第30話 進級
進級に伴い、将来の夢を真面目に考えるようになった。
これまでは目の前の仕事を全力でこなすだけで精一杯だったけれど、気が付けば私は“選べる側”に立っている。
子役として荒稼ぎし、作曲家としても一定の評価を得て、ピアニストとして国際コンクールの出場も控えている。
——だからこそ、立ち止まる。
小学校卒業と同時に芸能界を引退する。
それが、当初の計画だった。
ピアニスト活動は両親の期待もあるし、自分自身も音楽は嫌いじゃない。けれどそれも一生の職業にするかは分からない。引退という選択肢は常に頭の隅に置いている。
音楽は好きだ。
でも、流行を追いかけて消費される側に回りたいわけではない。
好きな時に、好きな曲を。
《イリス》の色を、趣味として自由に紡げればそれでいい。
第一志望は自衛隊。
第二志望が医師。
第三志望が弁護士。
どれも偏差値が高い。

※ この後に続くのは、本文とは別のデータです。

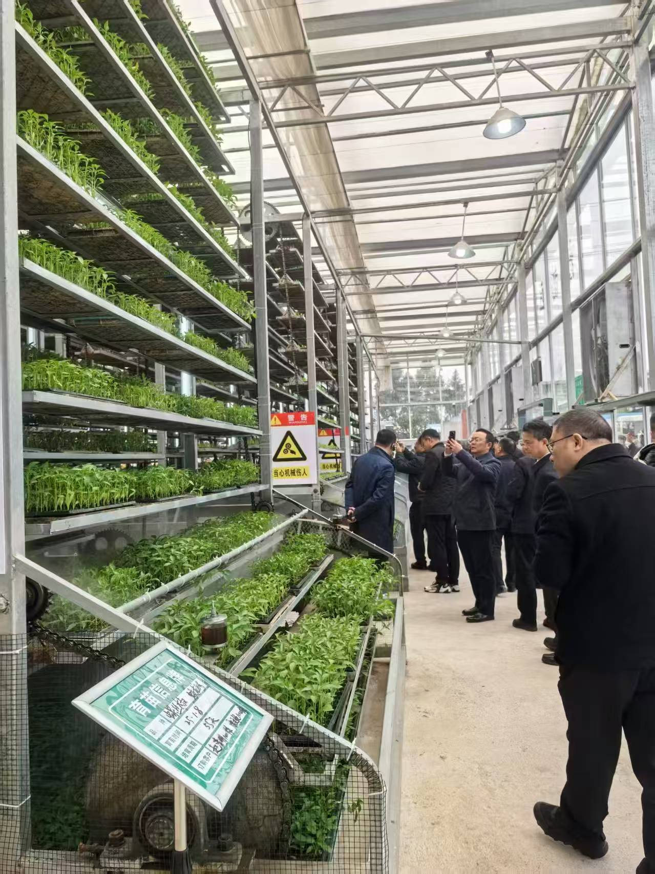 与会人员关注常丰农事服务中心的智能化育秧中心投运情况。
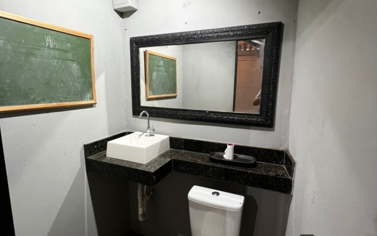 1 area de lazer com pia e churrasqueira,banheiro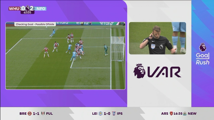 米伦科维奇头球破门 VAR经6分钟回看确认进球有效,森林2-0西汉姆
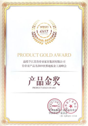 本届世界地板业工商峰会,肯帝亚能够荣获大会组委会授予的“产品金奖”荣誉,既是对肯帝亚研发团队的鼓励和鞭策,更印证了肯帝亚家居集团雄厚的研发实力和技术优势。在伟大祖国70华诞来临之际,作为行业创新担当的肯帝亚,以“创新驱动发展”和享誉全球的超级地板、生物质地板等黑科技产品,以沉甸甸的“产品金奖”,向伟大祖国献礼!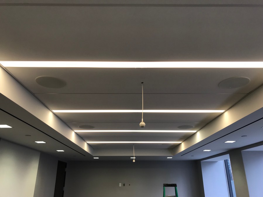 Our technician installing ceiling speakers in a conferenced room in NYC.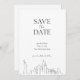 Moderno diseño minimalista para guardar la fecha con un dibujo lineal del paisaje urbano y fuentes elegantes sobre un fondo blanco, que contrasta maravillosamente con el negro oscuro.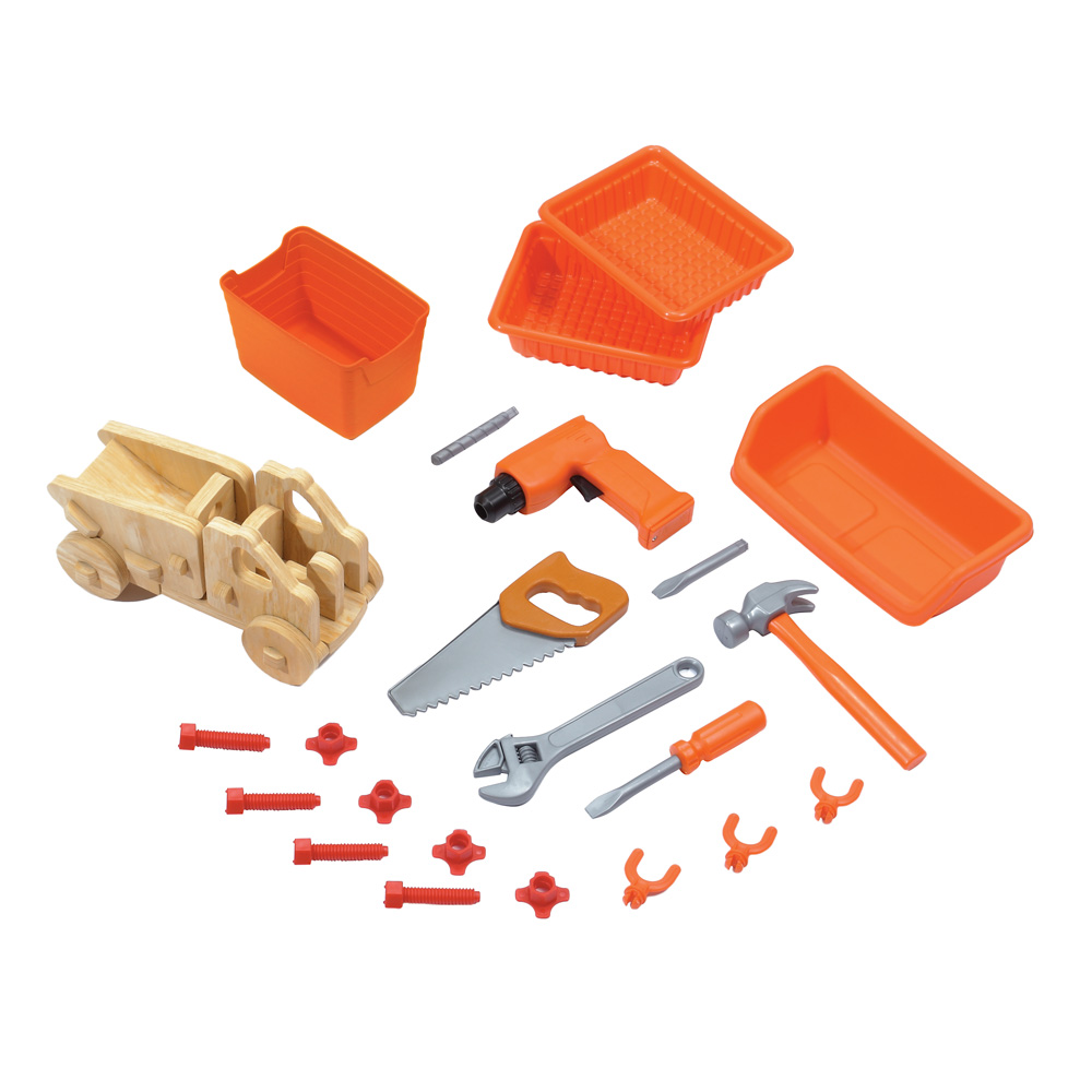 • 1 Schraubstock • 1 Bohrmaschine • 1 Hammer • 1 Säge • 1 Schraubendreher • 1 Schraubenschlüssel • 4 Behälter • 4 Haken • diverse Holzteile (aus Schaumstoff)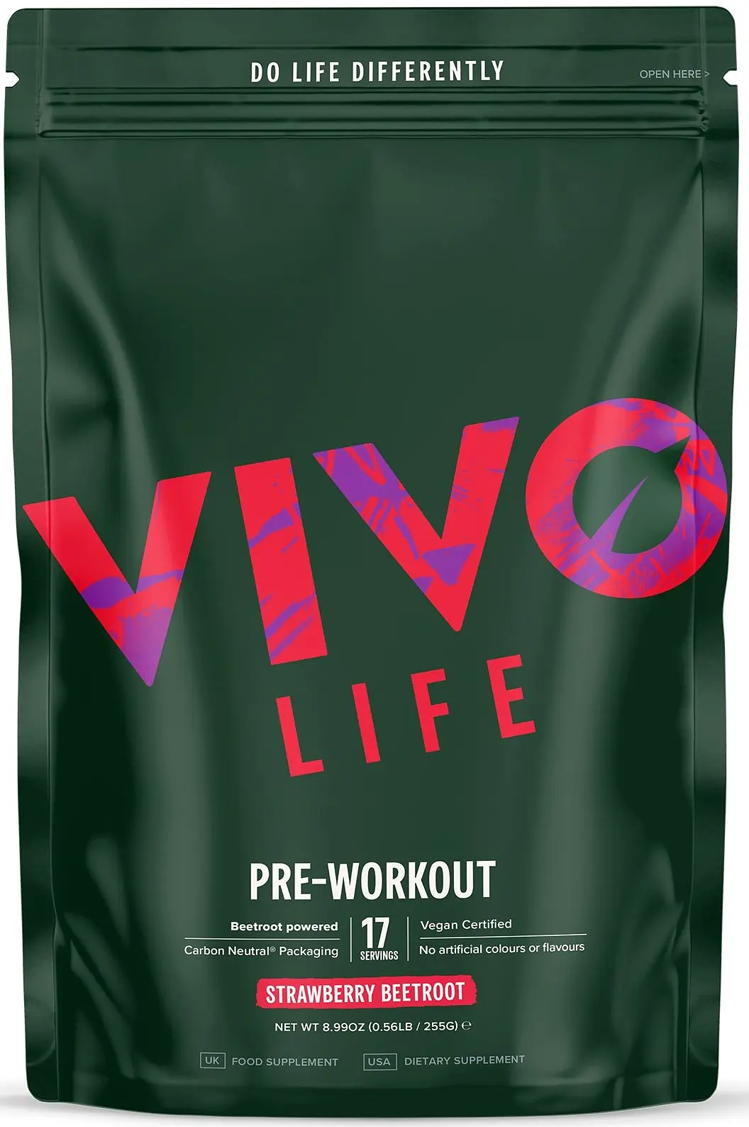 La poudre pré-entraînement au goût de fraise & betterave rouge de Vivo Life - pour un regain d'énergie durable et une amélioration des performances pendant l'entraînement.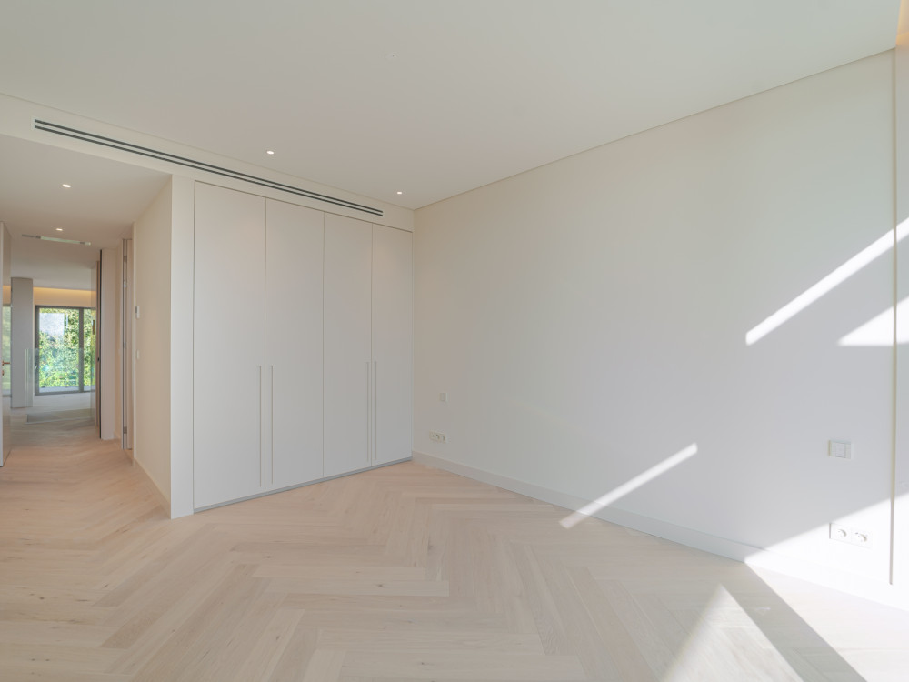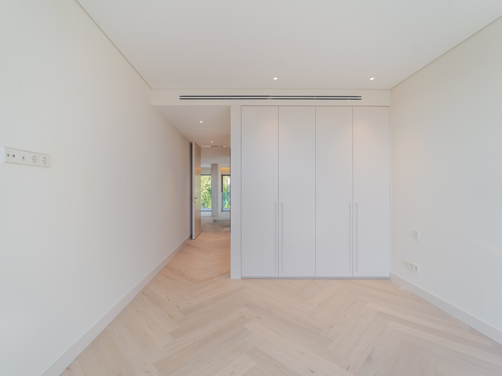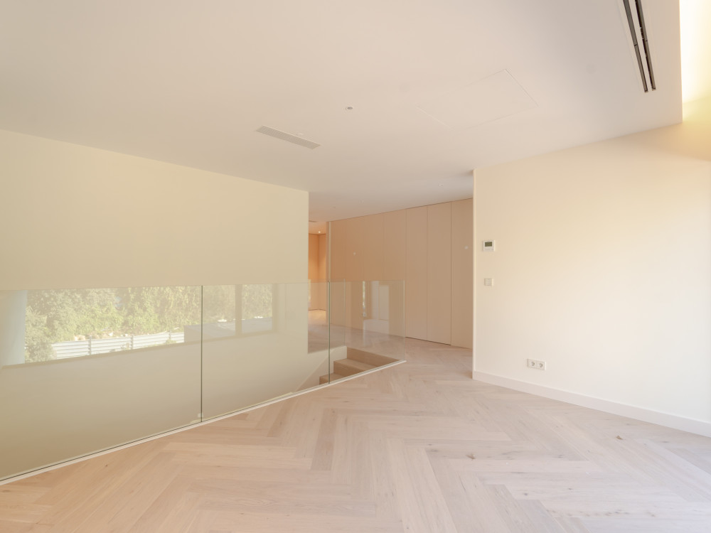 The interiors reflect a high standard of quality, with multilayer herringbone wood flooring, motorised interior blackouts, air conditioning with VRV system, crown moulding with integrated LED lighting, KNX home automation with control by digital applications, thermal solar panels, heat pump and hot water network with return, ensuring energy efficiency and total comfort.

特に第一志望は、防衛大学校を目指すなら国内最難関級だ。
……正直、努力量が桁違いである。
《イリス》を使えば理解速度は上げられる。
集中力も、記憶の定着も補助できる。
でも、それでは“私の力”にならない気がするのだ。
イリスは光を屈折させる力。
近道を示すことは出来る。だが、歩くのは自分の足でなければ意味がない。
だから彼——彼女? まあ、性別不詳の相棒には補助だけしてもらうつもりだ。
となると問題は中学受験。
星城学園中等部か、青山女学院中等部か。
星城はエスカレーター式で大学まで繋がる。偏差値もトップ。
青山女学院は交換留学制度が魅力的だ。イギリスへの道は捨てがたい。
女子校は陰湿な噂も多いが……交換留学は魅力だ。
悩みに悩み、パンフレットを抱えてリビングへ向かった。
◇
——そして。
小学校卒業と同時に引退宣言は、あっさり砕け散った。
「お願い、燈由ちゃん……!」
容子さんの泣き落とし。
しかも私は、新戒監督と“主演映画で綺麗に締める”約束をしていた事を、綺麗さっぱり忘れていた。
自分が悪い。
結果——
高校卒業と同時に引退、という書面契約を交わすことになった。
ずるずる続けるつもりはない。
子役が大人になって成功するのはほんの一握りだ。
映画がこけても私の責任ではない。無いったら無い。
「燈由ちゃんなら芸能界で天下取れるのに……」
おうおう泣くオットセイ。
「高校卒業までに天下取っちゃるから泣かないでよ。」
軽口のつもりだった。
「言質は取ったわよ!!」
ガッツポーズ。
……口は災いの元。
「高校は自衛隊の学校に行くつもりだったんだけどなぁ。」
ぼそり。
「大学の学費まで出すから芸能界に骨を埋めない?」
「嫌よ。私は防衛大に行くんだから!」
自衛隊は、国を守る仕事だ。
警察も迷ったけれど、より広い意味での“防衛”に惹かれた。
「中学は星城学園受験するって本当?」
「本当。芸能科は無いけど、全国模試上位なら出席日数免除があるの。」
ビッグネームとしての私を学校側が欲しがったのも事実だ。
その代わり、音楽部在籍とピアニスト活動継続が条件。
有名子役というより、有名ピアニスト枠だろう。
「シンガーソングライターで天下も夢じゃないわよ?」
「これ以上広げたら器用貧乏だよ。」
「マルチタレント♡」
うふ♡じゃない。
「小学校卒業したらモデル辞めてもいい?」
「moo nonセンター決まってるから駄目!」
いつの間に。
162センチ。年齢の割に高身長になってしまった。
もう子供服ブランドは卒業のはずだったのに。
「勉強時間は絶対確保。ピアニスト中心で。」
これだけは譲らない。
「はいはい。今年は国際コンクールあるし調整大変よ?」
何だかんだで、容子さんは私の味方だ。
◇
夜。
自室の机で問題集を開く。
英語、数学、理科。
《イリス》をほんの少しだけ起動する。
文字が、色に変わる。
英単語は青。
数式は白銀。
歴史年号は琥珀。
理解が早まる。
でも答えは自分で導く。
「……ズルはしない。」
小さく呟く。
芸能界で天下を取る。
防衛大に行く。
資格も取る。
恋愛もしてみたい。
全部欲張り。
でも私は——虹を架ける者だ。
虹は一色ではない。
芸能も、勉強も、音楽も、未来も。
全部まとめて、一本の弧にすればいい。
高校卒業まで、あと数年。
天下を取る約束はしてしまった。
ならば。
《イリス》の光で、芸能界も学業も——
まとめて制覇してやろうじゃないか。
私はペンを握り直した。
未来は、まだ白紙だ。
だからこそ、何色にも染められるのだから。